Task description >> With the exception of the pictures, transcribe the entire listing exactly.

Collected material >>
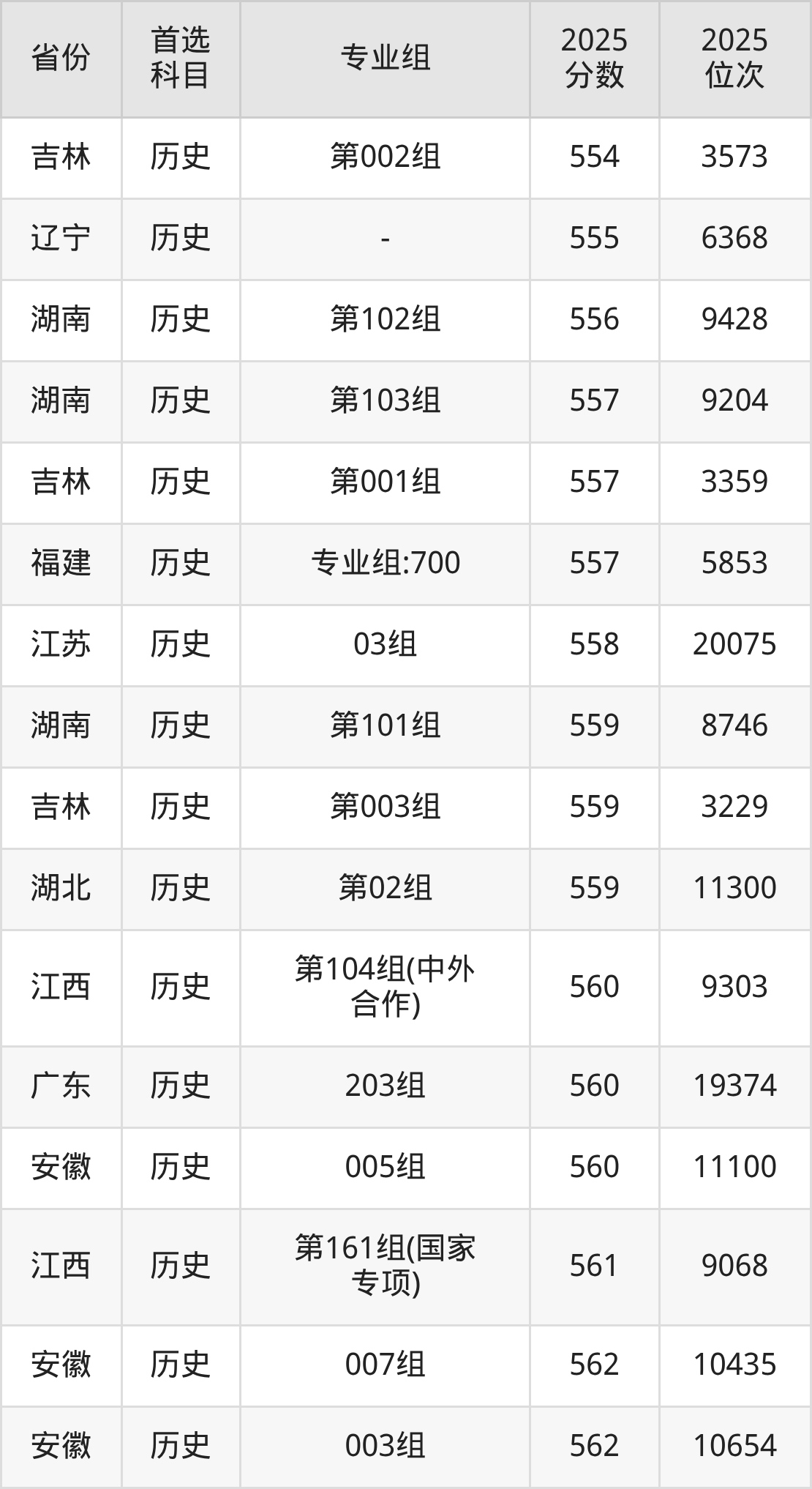 01组534分、29376名,02组533分、29649名,03组535分、29096名,04组542分、27148名,05组568分、20053名,06组535分、29096名,07组533分、29649名,08组542分、27148名,09组(中外合作)540分、27715名;
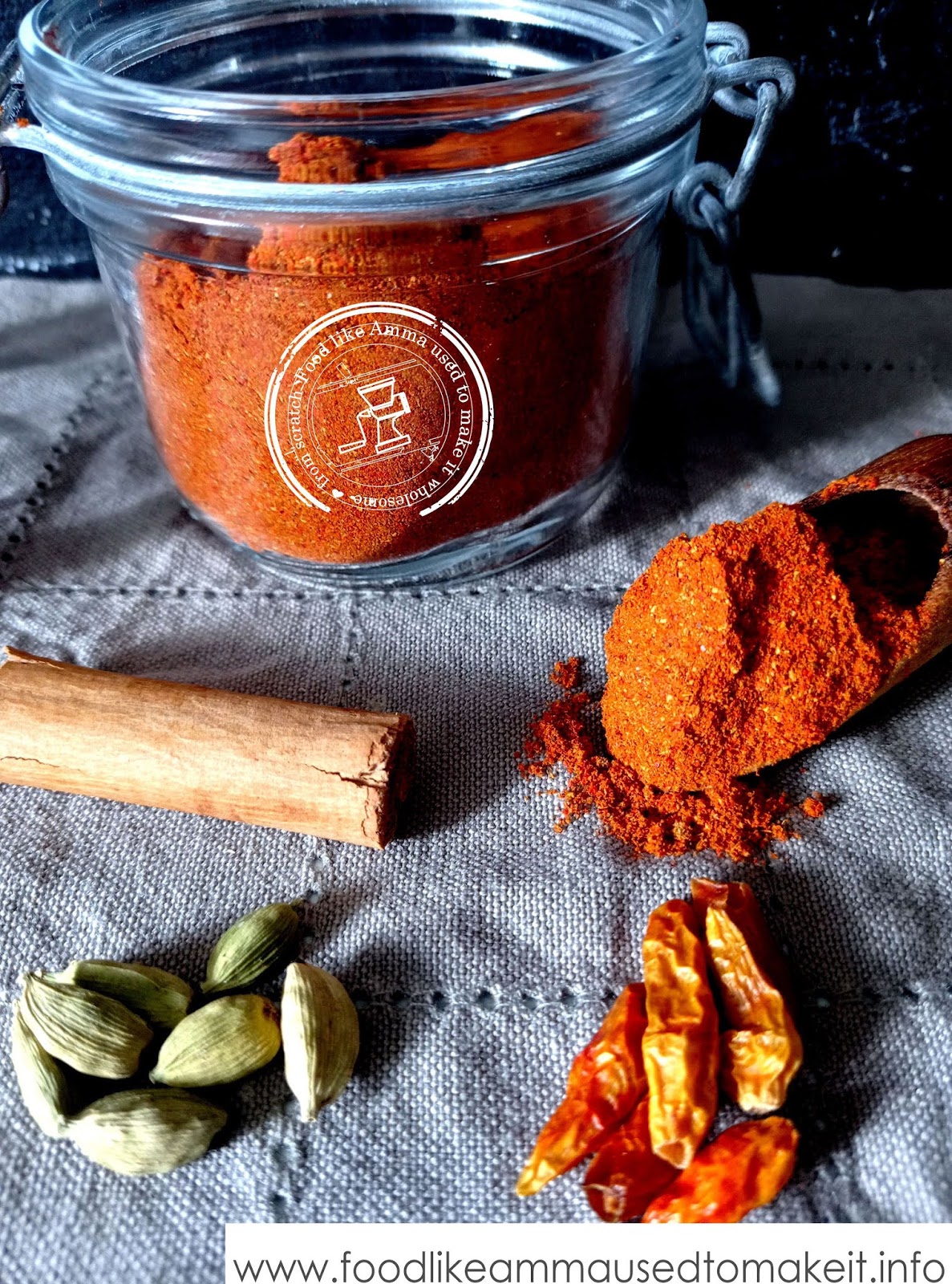 Durban Masala is a blend of spices that make up the charismatic aroma and fiery red colour of Durban Curry. This spice blend is a paradox of sweet spices like cinnamon, cardamon and fennel, combined with bitter cumin and fiery chilli and cayenne pepper and rounded off with coriander. Family recipes for this masala may vary. We grew up with mostly shop bought masala, particularly Pako and Osman’s Spices being Amma’s two favored range of Masala. On the rare occasion that she was out of masala, she ground dried chillies with a mortar and pestle to make homemade chilli powder and combined it with jeera and dhania powder or birth masala. It was my granny who loved drying hoards of chillies or dried onions on the lawn to make her own blend of spices, often knelt over the grinding stone. Having lived abroad for nearly two decades now, I have often adapted recipes to suit ingredients. I have even blasphemously resorted to making chicken liver curry with fresh chillies and yellow curry powder. It’s about time I made my own masala! This recipe has come about through trial and error over a few months now and I am finally satisfied with the results, I hope you will enjoy this too!
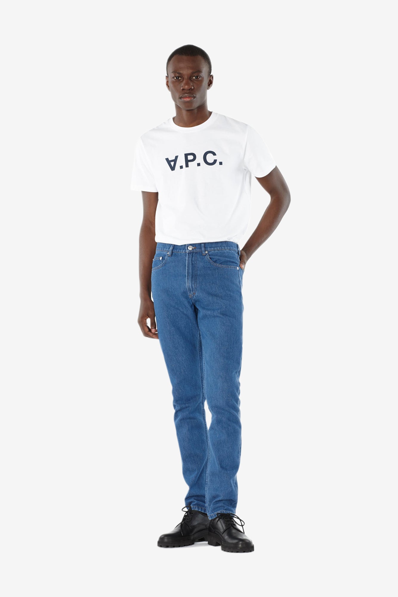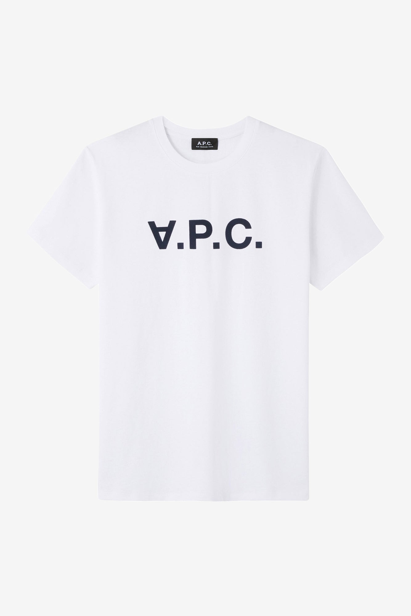A.P.C. 以高質感的日常必備單品在時尚界成為低調而搶手的品牌。這件T-Shirt胸前印有大型絨面logo,將 A.P.C. 延伸成 V.P.C.,點出特色。舒適的百分之百純棉面料,是炎熱天氣的著衣要素之一。V.P.C. logo T恤另有灰色款式。亦有 V.P.C. 字樣的衛衣款式。
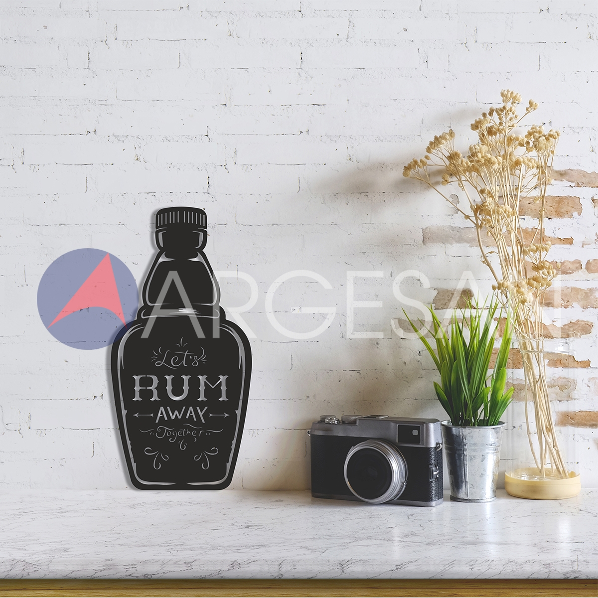 This artwork is a playful and lighthearted representation of the joy of togetherness. Shaped like a rum bottle with the humorous message "Let's RUM away together" inscribed on it, it encapsulates the spirit of adventure and fun. Crafted with creativity and wit, it brings a sense of celebration to any space it adorns. Owning this piece means possessing not just a work of art but a reminder to cherish moments of laughter, spontaneity, and shared experiences. It's not just decor; it's an invitation to savor life's pleasures.

Response to this task >>
 01组534分、29376名,02组533分、29649名,03组535分、29096名,04组542分、27148名,05组568分、20053名,06组535分、29096名,07组533分、29649名,08组542分、27148名,09组(中外合作)540分、27715名;
 Durban Masala is a blend of spices that make up the charismatic aroma and fiery red colour of Durban Curry. This spice blend is a paradox of sweet spices like cinnamon, cardamon and fennel, combined with bitter cumin and fiery chilli and cayenne pepper and rounded off with coriander. Family recipes for this masala may vary. We grew up with mostly shop bought masala, particularly Pako and Osman’s Spices being Amma’s two favored range of Masala. On the rare occasion that she was out of masala, she ground dried chillies with a mortar and pestle to make homemade chilli powder and combined it with jeera and dhania powder or birth masala. It was my granny who loved drying hoards of chillies or dried onions on the lawn to make her own blend of spices, often knelt over the grinding stone. Having lived abroad for nearly two decades now, I have often adapted recipes to suit ingredients. I have even blasphemously resorted to making chicken liver curry with fresh chillies and yellow curry powder. It’s about time I made my own masala! This recipe has come about through trial and error over a few months now and I am finally satisfied with the results, I hope you will enjoy this too!
A.P.C. 以高質感的日常必備單品在時尚界成為低調而搶手的品牌。這件T-Shirt胸前印有大型絨面logo,將 A.P.C. 延伸成 V.P.C.,點出特色。舒適的百分之百純棉面料,是炎熱天氣的著衣要素之一。V.P.C. logo T恤另有灰色款式。亦有 V.P.C. 字樣的衛衣款式。
 This artwork is a playful and lighthearted representation of the joy of togetherness. Shaped like a rum bottle with the humorous message "Let's RUM away together" inscribed on it, it encapsulates the spirit of adventure and fun. Crafted with creativity and wit, it brings a sense of celebration to any space it adorns. Owning this piece means possessing not just a work of art but a reminder to cherish moments of laughter, spontaneity, and shared experiences. It's not just decor; it's an invitation to savor life's pleasures.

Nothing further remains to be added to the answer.